## Collections III, Exercises

No. 200

Q:

We want to transform address data to different destination formats. Consider the following text file data source:

"firstName","lastName","companyName","address","city", ...
"Aleshia","Tomkiewicz","Alan D Rosenburg Cpa Pc","14 Tay ...
...

This excerpt exists as file named addresses.txt in the following Maven project:

• Maven module source code available at P/Sd1/HtmlFormatting/Simple/Exercise.

Import the above project into Eclipse. Executing de.hdm_stuttgart.mi.sd1.htmlformat.Address2text yields the following output:

"firstName","lastName","companyName","address","city", ...
++++++++++++++++++++++
Name:Tim Dummy
Company:Dummy Company
Phone:1234567, 7654321
E-Mail:@dummy@dummy.com
--------------------

...

--------------------
End of records

This result neither uses the input data supplied by addresses.txt nor does it produce HTML output yet. You have to complete the implementation by following the subsequent steps:

1. Try to understand the current project. Its classes have the following general purposes:

Address

Holding components like first name, last name, telephone numbers, email and so on of an individual address.

Address2text

The main application. This class assembles other classes, opens the address data source and starts the formatting process.

Address2textFormatter

This class formats individual address records.

AddressDataHandler

Opening the data source and creating a Java in memory representation of the whole set. This is necessary since the output sorting order may be altered.

AddressFormatter

This interface specifies three methods being called during output formatting.

AddressParseError

Instances of this exception will be thrown whenever the input file contains errors. Consider the following example:

"Laquita","Hisaw,"In Communications Inc","20 Gloucester Pl #96",

In this example we have no quote after Hisaw. This should yield a parsing error.

2. The constructor Address(...) does not yet parse address records but creates constant dummy data instead. Use the parameter csvRecord to actually initialize the desired address fields firstName, lastName, ..., web. Hint: You may use the split(...) method:

... = s.split("\",\"");

This splits an input record into its address components. The first component will however start with a quotation mark like "Aleshia and the last component will have a trailing " like in http://www.lbt.co.uk". You may use the substring(...) method to get rid of them.

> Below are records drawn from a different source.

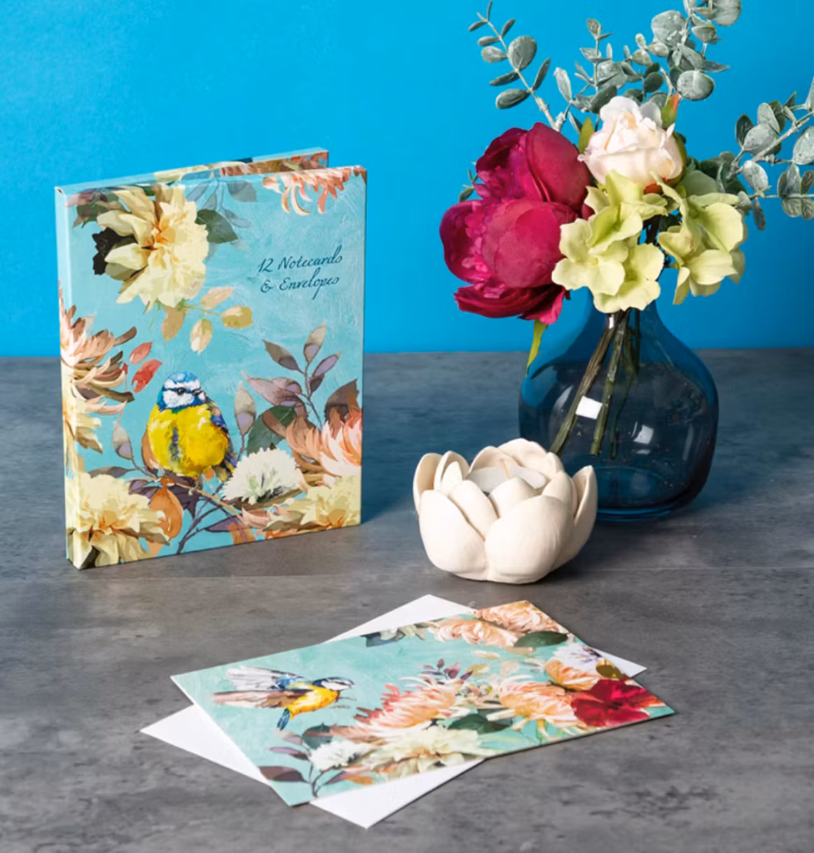 Mappen inneholder 12 kort fordelt på 4 unike og elegante design, alle med nydelige motiver av fugler og blomster som gir en tidløs og elegant uttrykk.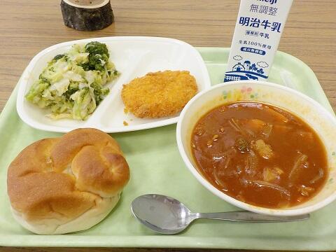 コーンコロッケ・グリーンサラダ・ブラウンシチュー 713kcal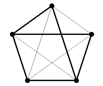 FIGURE 1.3. A 2-coloring of the edges of K5.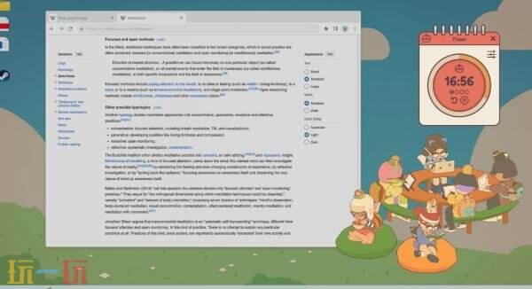 在舒适的虚拟工作空间与朋友或陌生人搭伴工作。以全屏模式、侧边模式或是透明贴纸模式游玩。
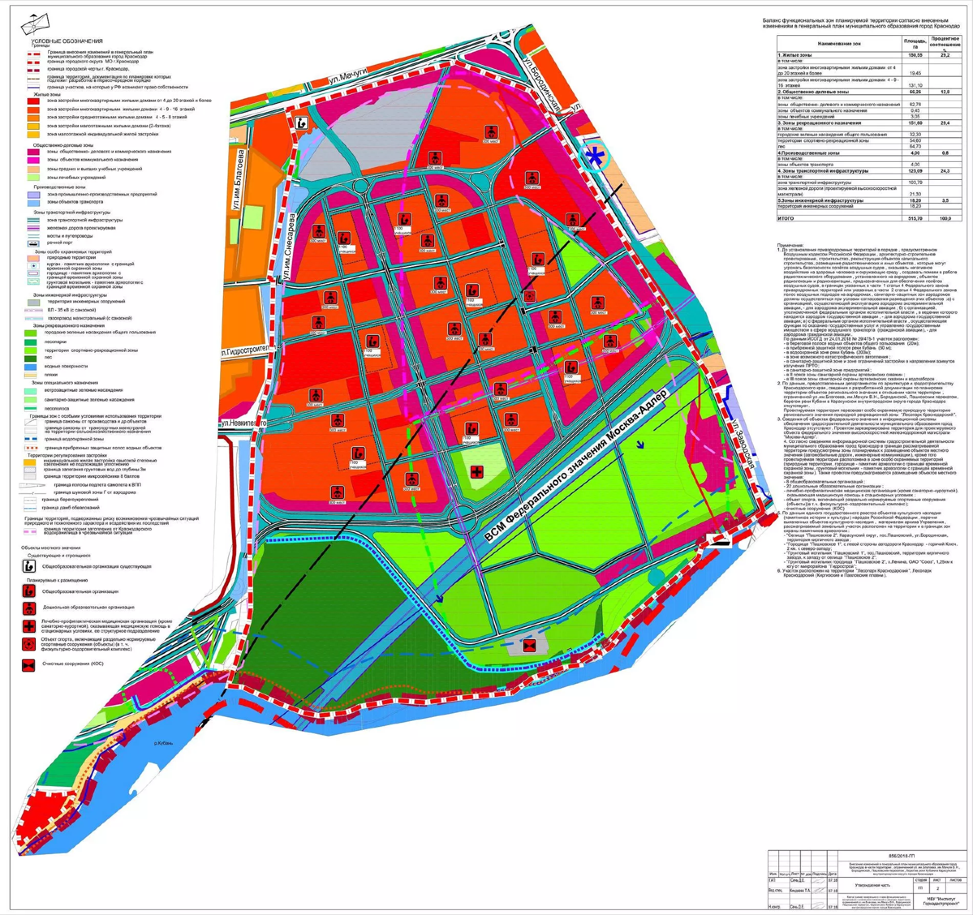 Из 515,7 га, на которых расположится новый район, 146 га займут жилые зоны, 66,7 га — общественно-деловые, 151,6 га — зоны рекреационного назначения, включающие скверы, парки, аллеи, а также лес. 151 га будет отведено под транспортную и инженерную инфраструктуру.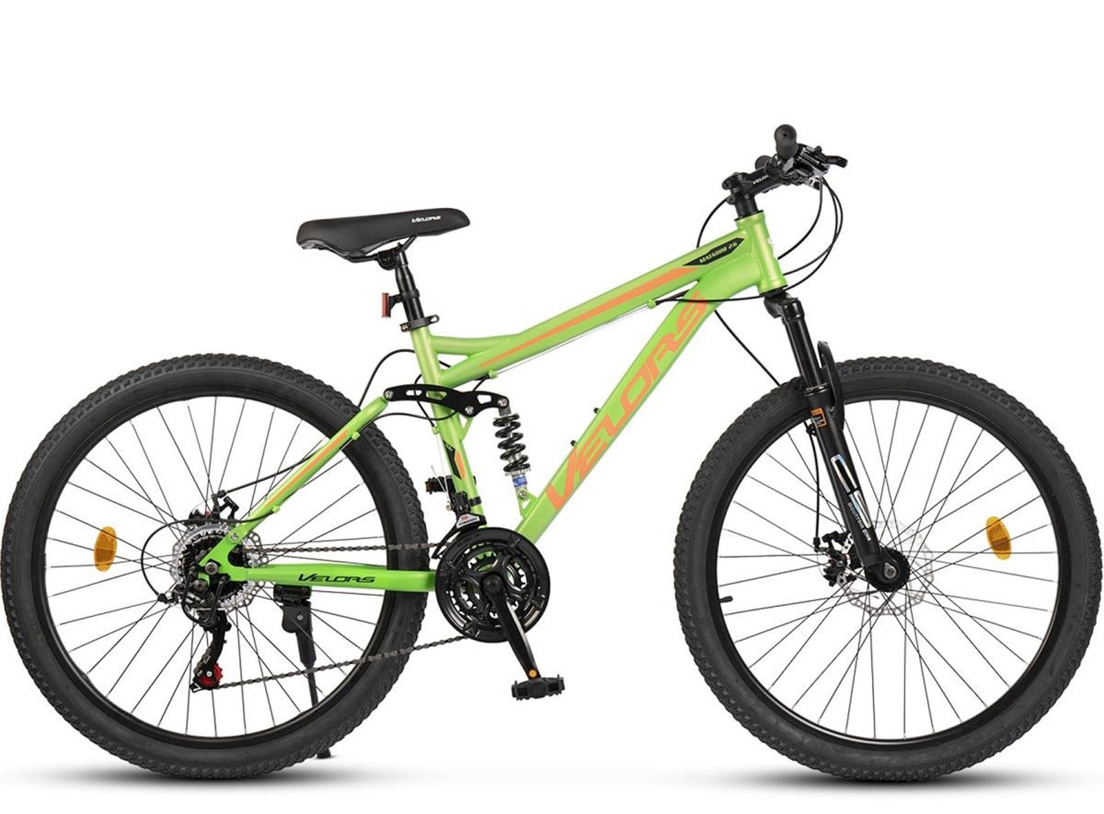 Bicicleta MTB-FS 26" VELORS Matador 2.6, cadru otel 17", manete secventiale, frane disc, 21 viteze, verde/portocaliu

3. You must exclude the header line (= first line of addresses.txt) of your data source from result generation:

"firstName","lastName","companyName","address","city","county","postal","phone1","phone2","email","web"
4. Think of all syntax rules of your input data source addresses.txt and throw AddressParseError appropriate exceptions. Write test cases checking for correct parsing error detection in input files.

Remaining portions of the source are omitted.